#### Exercise material

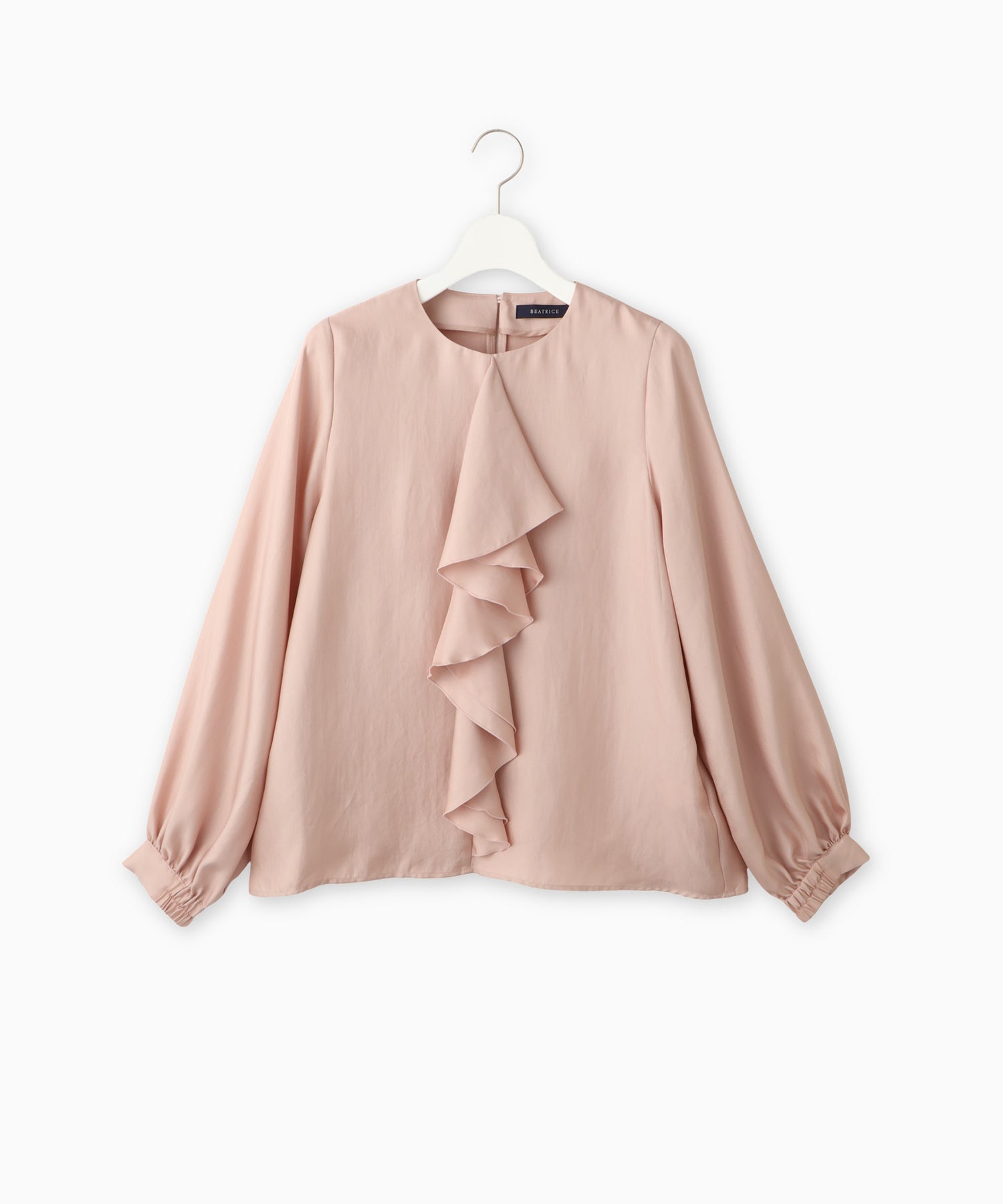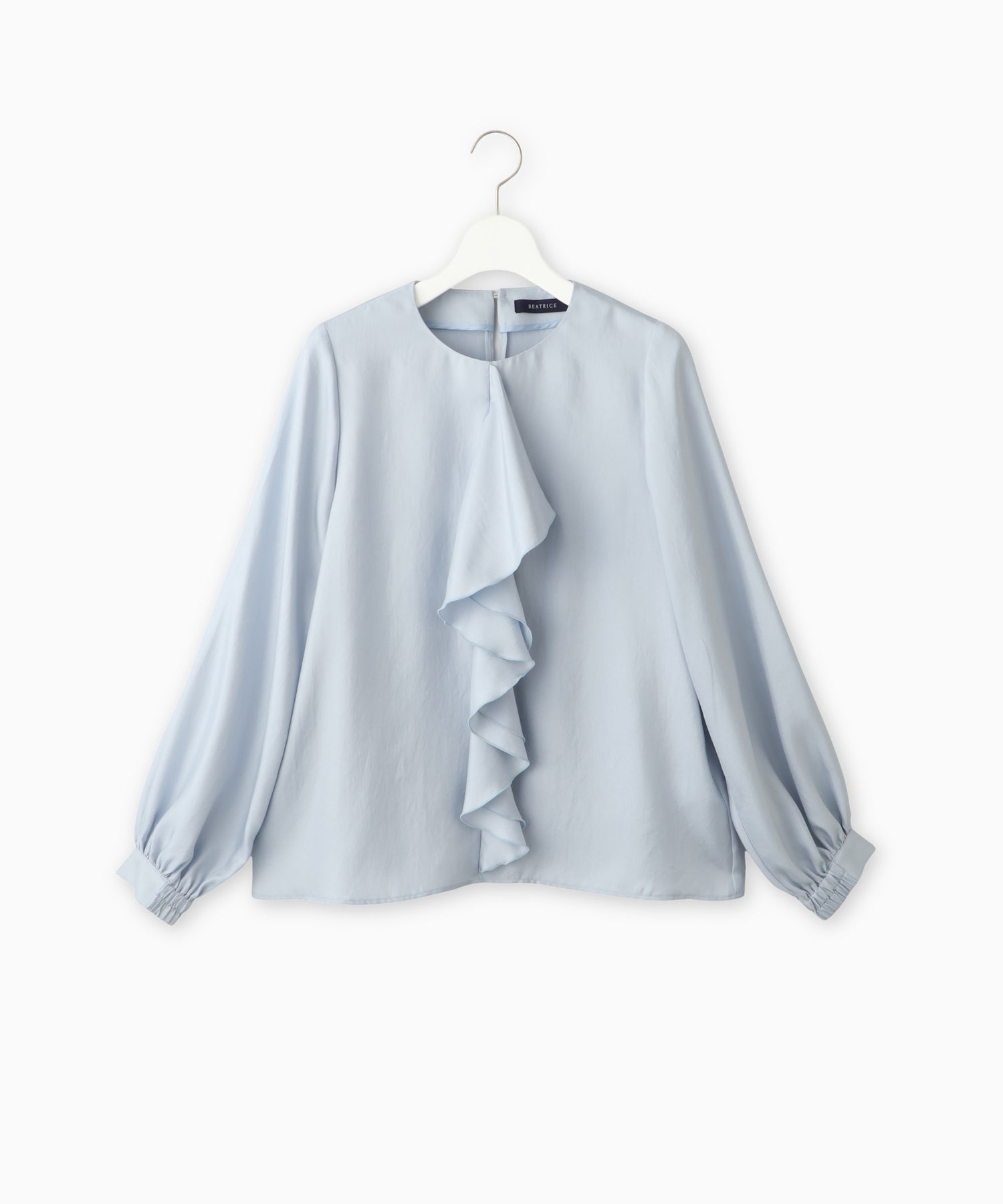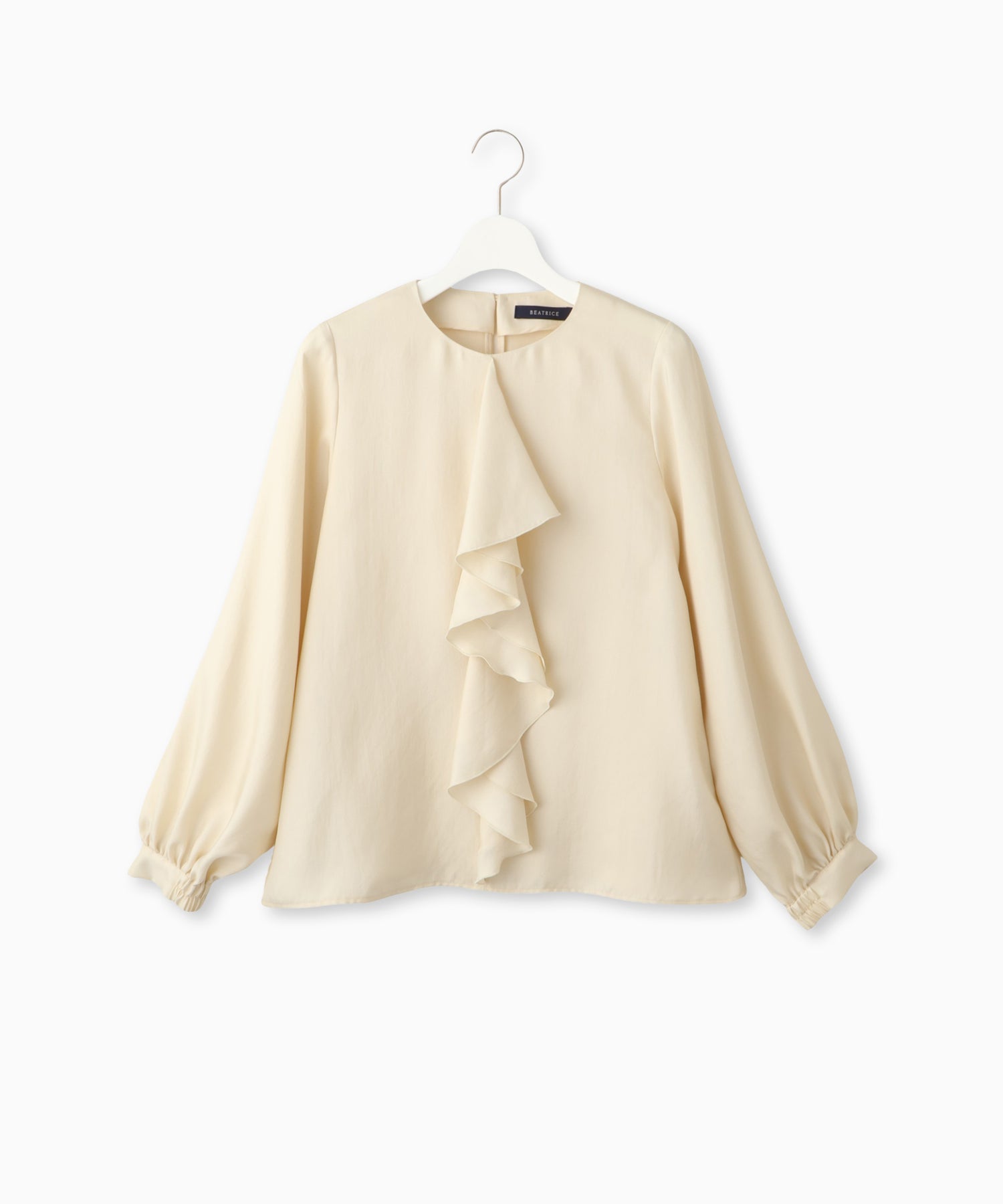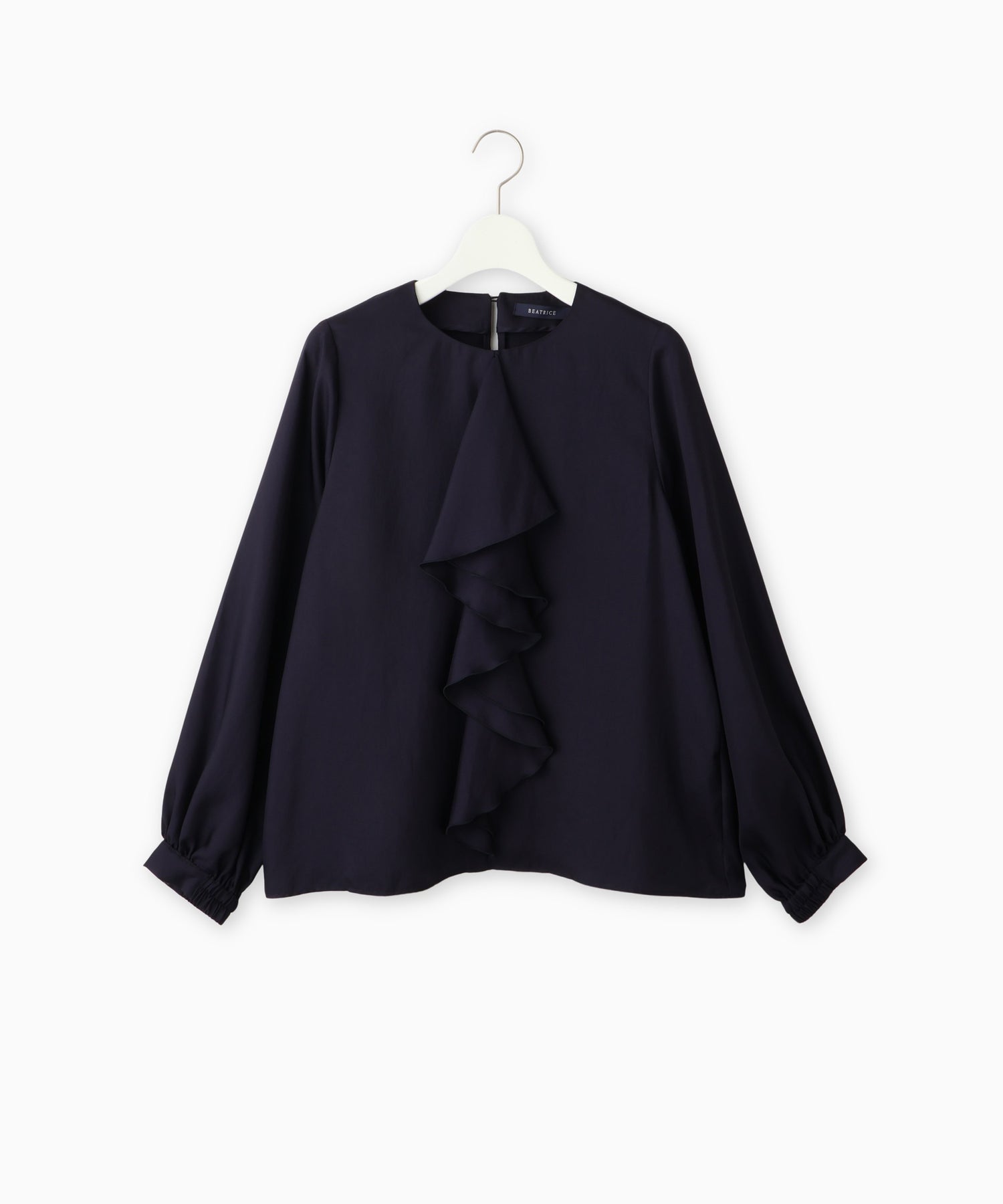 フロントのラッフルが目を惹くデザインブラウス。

########
#### Exercise material

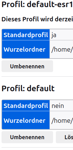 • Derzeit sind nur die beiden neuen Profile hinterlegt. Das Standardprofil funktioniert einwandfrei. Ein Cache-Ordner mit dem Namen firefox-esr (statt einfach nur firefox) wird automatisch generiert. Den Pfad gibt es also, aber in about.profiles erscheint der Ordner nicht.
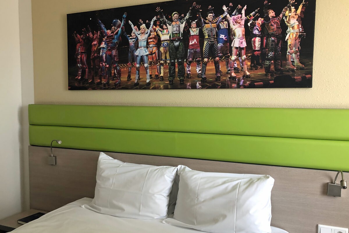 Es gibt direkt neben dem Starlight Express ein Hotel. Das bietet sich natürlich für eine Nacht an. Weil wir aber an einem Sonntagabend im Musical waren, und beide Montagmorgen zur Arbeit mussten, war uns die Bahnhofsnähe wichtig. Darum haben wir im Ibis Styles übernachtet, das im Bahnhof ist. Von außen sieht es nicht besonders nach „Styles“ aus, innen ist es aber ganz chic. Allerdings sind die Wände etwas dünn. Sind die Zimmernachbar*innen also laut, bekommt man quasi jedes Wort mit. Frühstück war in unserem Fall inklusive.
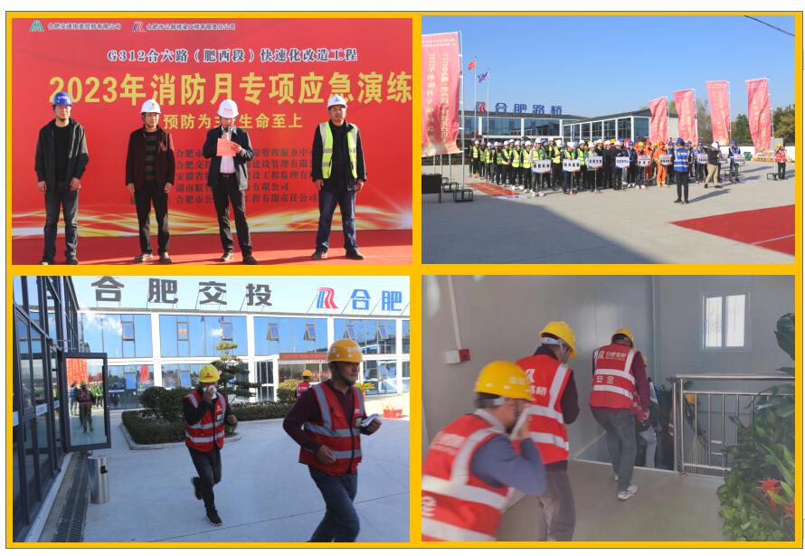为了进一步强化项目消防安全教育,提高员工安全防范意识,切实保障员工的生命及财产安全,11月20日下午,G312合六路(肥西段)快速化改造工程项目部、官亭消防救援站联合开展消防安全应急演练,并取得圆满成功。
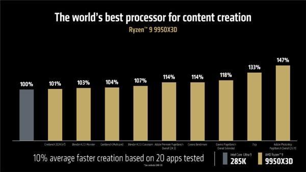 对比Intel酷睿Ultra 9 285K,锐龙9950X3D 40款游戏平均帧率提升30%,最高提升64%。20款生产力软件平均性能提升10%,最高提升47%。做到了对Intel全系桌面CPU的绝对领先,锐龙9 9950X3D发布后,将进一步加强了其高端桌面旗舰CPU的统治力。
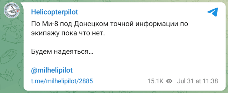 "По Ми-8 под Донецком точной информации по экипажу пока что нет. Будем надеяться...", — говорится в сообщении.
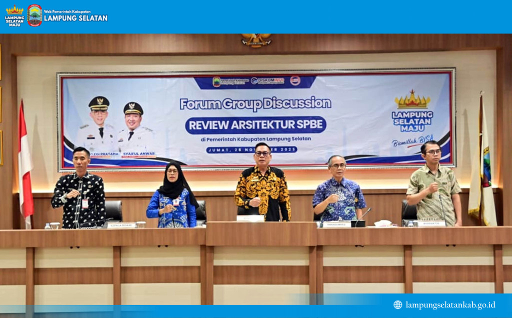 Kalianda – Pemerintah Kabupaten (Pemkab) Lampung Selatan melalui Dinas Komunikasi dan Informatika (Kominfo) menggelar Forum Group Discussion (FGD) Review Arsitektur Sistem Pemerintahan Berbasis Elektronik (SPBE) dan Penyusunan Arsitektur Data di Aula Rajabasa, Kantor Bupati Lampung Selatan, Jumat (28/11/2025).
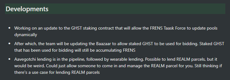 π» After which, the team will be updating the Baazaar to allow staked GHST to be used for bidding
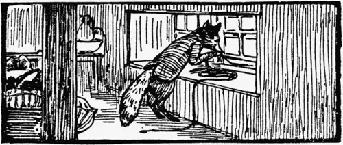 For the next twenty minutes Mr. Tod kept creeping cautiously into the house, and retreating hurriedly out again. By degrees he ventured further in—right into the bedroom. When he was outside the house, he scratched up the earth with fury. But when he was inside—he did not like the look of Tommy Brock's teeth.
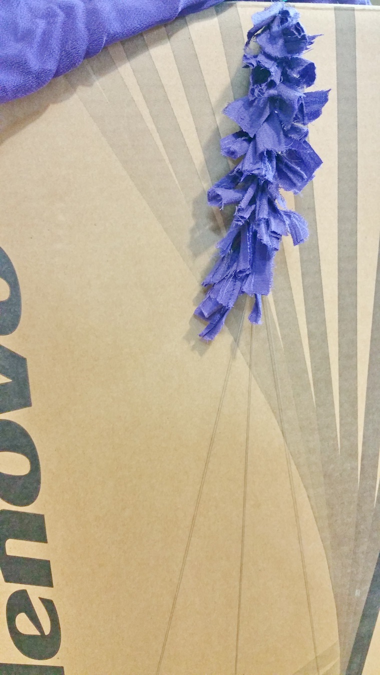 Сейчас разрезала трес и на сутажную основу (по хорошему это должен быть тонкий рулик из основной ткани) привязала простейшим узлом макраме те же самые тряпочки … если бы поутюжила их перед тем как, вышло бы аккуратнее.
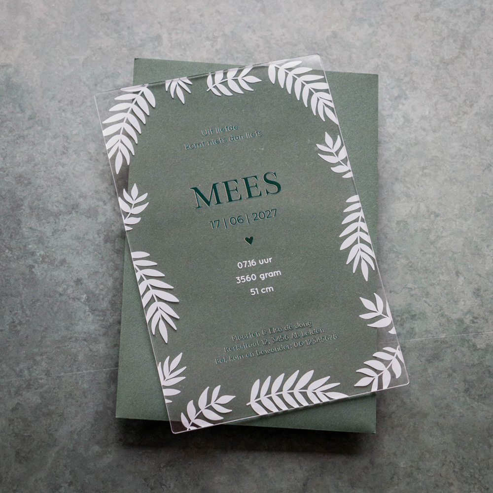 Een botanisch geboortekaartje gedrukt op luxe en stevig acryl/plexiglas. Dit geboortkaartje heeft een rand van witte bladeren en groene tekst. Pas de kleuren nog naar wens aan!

########
#### Exercise material

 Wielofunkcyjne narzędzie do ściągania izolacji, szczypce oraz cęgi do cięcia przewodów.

########

◆ Required action ◆
Restate word for word every line from the one with "der Ordner nicht." up to and including the one with "Сейчас разрезала трес" in the records above, minus the pictures.

◆ Problem solution ◆
 • Derzeit sind nur die beiden neuen Profile hinterlegt. Das Standardprofil funktioniert einwandfrei. Ein Cache-Ordner mit dem Namen firefox-esr (statt einfach nur firefox) wird automatisch generiert. Den Pfad gibt es also, aber in about.profiles erscheint der Ordner nicht.
 Es gibt direkt neben dem Starlight Express ein Hotel. Das bietet sich natürlich für eine Nacht an. Weil wir aber an einem Sonntagabend im Musical waren, und beide Montagmorgen zur Arbeit mussten, war uns die Bahnhofsnähe wichtig. Darum haben wir im Ibis Styles übernachtet, das im Bahnhof ist. Von außen sieht es nicht besonders nach „Styles“ aus, innen ist es aber ganz chic. Allerdings sind die Wände etwas dünn. Sind die Zimmernachbar*innen also laut, bekommt man quasi jedes Wort mit. Frühstück war in unserem Fall inklusive.
为了进一步强化项目消防安全教育,提高员工安全防范意识,切实保障员工的生命及财产安全,11月20日下午,G312合六路(肥西段)快速化改造工程项目部、官亭消防救援站联合开展消防安全应急演练,并取得圆满成功。
 对比Intel酷睿Ultra 9 285K,锐龙9950X3D 40款游戏平均帧率提升30%,最高提升64%。20款生产力软件平均性能提升10%,最高提升47%。做到了对Intel全系桌面CPU的绝对领先,锐龙9 9950X3D发布后,将进一步加强了其高端桌面旗舰CPU的统治力。
 "По Ми-8 под Донецком точной информации по экипажу пока что нет. Будем надеяться...", — говорится в сообщении.
 Kalianda – Pemerintah Kabupaten (Pemkab) Lampung Selatan melalui Dinas Komunikasi dan Informatika (Kominfo) menggelar Forum Group Discussion (FGD) Review Arsitektur Sistem Pemerintahan Berbasis Elektronik (SPBE) dan Penyusunan Arsitektur Data di Aula Rajabasa, Kantor Bupati Lampung Selatan, Jumat (28/11/2025).
 π» After which, the team will be updating the Baazaar to allow staked GHST to be used for bidding
 For the next twenty minutes Mr. Tod kept creeping cautiously into the house, and retreating hurriedly out again. By degrees he ventured further in—right into the bedroom. When he was outside the house, he scratched up the earth with fury. But when he was inside—he did not like the look of Tommy Brock's teeth.
 Сейчас разрезала трес и на сутажную основу (по хорошему это должен быть тонкий рулик из основной ткани) привязала простейшим узлом макраме те же самые тряпочки … если бы поутюжила их перед тем как, вышло бы аккуратнее.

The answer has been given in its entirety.